Esta “inteligencia holística”, a la que prefiero llamar “inteligencia ética”, puede ser
definida como la capacidad de resolver problemas y crear productos significativos de
forma ética. Aplicado al ámbito de las competencias organizacionales e individuales,
el concepto de “inteligencia ética” abarca tanto las competencias técnicas (“el saber”
y “el saber hacer”) y las competencias emocionales (“saber actuar”), como las
competencias éticas (“el actuar basado en valores”). Por otra parte, en la
“inteligencia ética” se subsumen la inteligencia racional-instrumental y la inteligencia
emocional.
Una organización puede ser racional en su gestión administrativa y productiva, pero
esto será insuficiente para hacer sostenible su éxito y competitividad. A la
racionalidad instrumental hará falta hacerle corresponder una cultura corporativa de
inteligencia emocional y basada en valores significativos. No vaya ser que sus
colaboradores sean altamente competentes en la dimensión técnica, pero
incompetentes emocionalmente, con el agravante de una eventual tendencia a la
práctica de disvalores (entre ellos la deslealtad, la deshonestidad y la corrupción). A
la calidad técnica se deben corresponder la calidad emocional y la calidad ética.

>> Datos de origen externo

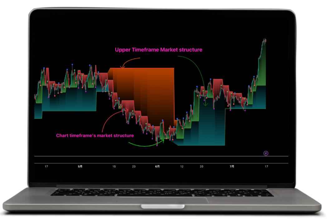 Higher timeframe is always a key to develop your trading plans with understanding of the current market structures.The indicator displays Higher High/Lower High/Higher Low/Lower Low of an upper timeframe so that traders will not miss upper timeframes' market structures.

En otro documento afirmamos que la vivencia de una cultura de valores, que no es


más que la práctica de la inteligencia ética, coadyuva a construir organizaciones de
éxito y con ventaja competitiva puesto que:

- Agrega valor al trabajo, haciendo que los colaboradores en su desempeño no


solo apliquen sus competencias técnicas, sino también actitudes y conductas
éticamente sanas y productivas.

- Fortalece la calidad de la dimensión humana de la organización mediante el


perfeccionamiento del capital social, al mejorar las competencias de
inteligencia emocional de los colaboradores.

- Cultiva una conducta íntegra, recta, responsable, leal y creativa en los


colaboradores, fortaleciendo con la conducta ejemplar de cada uno la vivencia
de una cultura ética.

- Fortalece una ética del servicio, que obliga a la eficacia, la eficiencia, la


efectividad y el mejoramiento continuo.
- Dignifica al colaborador y desarrolla una filosofía organizacional como fuente
de realización personal.

- Hace de los valores un “sello de calidad” que se traspasa de una generación a


otra, creando una tradición ética con permanencia en el tiempo.

- Hace de la organización una realidad diferenciada y ejemplarizante.

El reto actual de las organizaciones, no es tanto su requerimiento


de innovación científico-tecnológica, sino su capacidad para construir
una cultura organizacional ética y emocionalmente sostenible.